La vieille femme dit : « Sois donc glorifié, ô Jumala, sois loué, unique créateur, car tu m’as envoyé une belle fille, une charmante belle fille, habile à allumer le feu[15], experte à tisser le lin, à filer la laine, à blanchir le linge.

« Et toi, mon fils, sache aussi apprécier ton bonheur, le bonheur que ton créateur t’avait promis, que le Dieu plein de grâces t’a donné. Le passereau est pur sur la neige, mais plus pure est la jeune fille qui est à tes côtés ; l’écume est blanche sur la mer, mais plus blanche est la femme qui est en ta puissance ; le canard est beau sur le golfe, mais plus belle est celle que tu as amenée dans ta maison ; l’étoile est brillante dans le ciel, mais plus brillante est ta fiancée.

« Élargis le plancher de ta chambre, agrandis les fenêtres, élève de nouveaux murs, de nouvelles portes, embellis toute la maison ; car tu es devenu le maître d’une belle jeune fille, d’une jeune fille meilleure que toi, plus noble que tous ceux de ta race ! »

  1. Surnom de Lemmikäinen, proprement : dieu de la mer. On suppose que ce dieu et le héros Lemmikäinen étaient une seule et même personne. Le mot Ahti, emprunté probablement, comme beaucoup d’autres, par les Finnois, à l’ancien idiome du nord (ahi), a son radical primitif dans le mot sanscrit ahis (mer).
  2. Région des îles.
  3. Le même que Lempo, le génie du mal.
  4. Kauko-Niemi. Le promontoire lointain. Lemmikäinen habitait sur une île (Saari) au nord-ouest de la terre ferme de Kalevala, pays de Wäinämöinen et d’Ilmarinen. Au Nord de cette île s’ouvrait un golfe (Lemmen-lahti) dominé par le promontoire de Kauko, au détour duquel s’élevait la maison patrimoniale (Saarela) de Lemmikäinen.

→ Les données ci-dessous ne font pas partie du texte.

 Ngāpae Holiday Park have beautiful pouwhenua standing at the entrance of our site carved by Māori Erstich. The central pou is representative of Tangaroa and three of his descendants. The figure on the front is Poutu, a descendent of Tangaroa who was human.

  5. Kaukomieli. Celui qui soupire après les lointains voyages. Surnom donné à Lemmikäinen à cause de sa vie aventureuse.

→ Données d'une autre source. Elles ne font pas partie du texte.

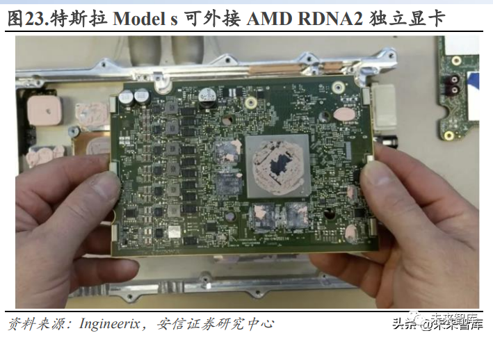 (2)AMD 發力高端座艙領域,2023 年末將攜手億咖通在國內首次實現座艙平臺量產:Intel 與 AMD 為桌面芯片兩大巨頭,雖 AMD 尚未公開發布車規級芯片,Intel 也自 A3920 以后停止迭代,但我們認為隨著座艙智能化繼續演進,對主控 SoC 性能要求繼續提升, 桌面級芯片廠商亦有望憑借高性能優勢博得一席之地。特斯拉作為智能化先驅率先應用 桌面芯片可為我們提供借鑒,其第三代車載信息娛樂系統 MCU 3.0 采用了 AMD 的桌面 級處理器方案,CPU 采用 Ryzen V1000 的定制版本,通過外掛獨立 GPU Navi23 可實現 高達 10 TFLOPS(10000 GFLOPS)的 GPU 算力,達到堪比臺式機的性能,并可支持 AAA 級游戲大作,為目前量產車型中頭部性能車機。目前,國內知名 Tier1 億咖通科技 已官宣與 AMD 達成戰略合作,雙方公司將協力打造面向下一代電動汽車(EV)的車載 計算平臺,預計于 2023 年末面向全球市場量產。

  6. Île éloignée dont la situation est incertaine.
  7. Kylli ou Kylliki, suffisante, abondante, parfaite.
  8. Le banc d’honneur, chez les Finnois, est le banc fixé au mur devant lequel on dresse la table.
  9. L’Esthonie.
  10. L’Ingrie.
  11. Longs éclats de bois qu’on allume dans les maisons en guise de torches ou de flambeaux. On les fixe, à cet effet, sur une espèce de chevalet en fer ou en bois, dans une position semi-verticale.
  12. C’est-à-dire : Tu feras bien de t’en tenir aux chevaux de Saari, ils conviennent mieux à tes jeux que ses maigres jeunes filles.
  13. En l’absence de moulins proprement dits, les anciens Finnois broyaient leur grain dans un moulin à main (kasi-kiwi), ou avec un pilon (petkele), dans un mortier en bois (huhmari). C’était là l’occupation des femmes, pendant laquelle elles chantaient des chants connus sous le nom de chants de la farine (jauho-runot).
  14. Le fond des traîneaux ordinaires des paysans finnois est formé, encore aujourd’hui, d’une sorte de tapis (listet) d’éclisses disposées en treillis et reliées entre elles avec des verges d’osier.
  15. D’après une ancienne coutume en usage chez les Finnois, c’est toujours à la bru de la maison ou à la jeune mère de famille qu’incombe la tâche d’allumer le feu le matin.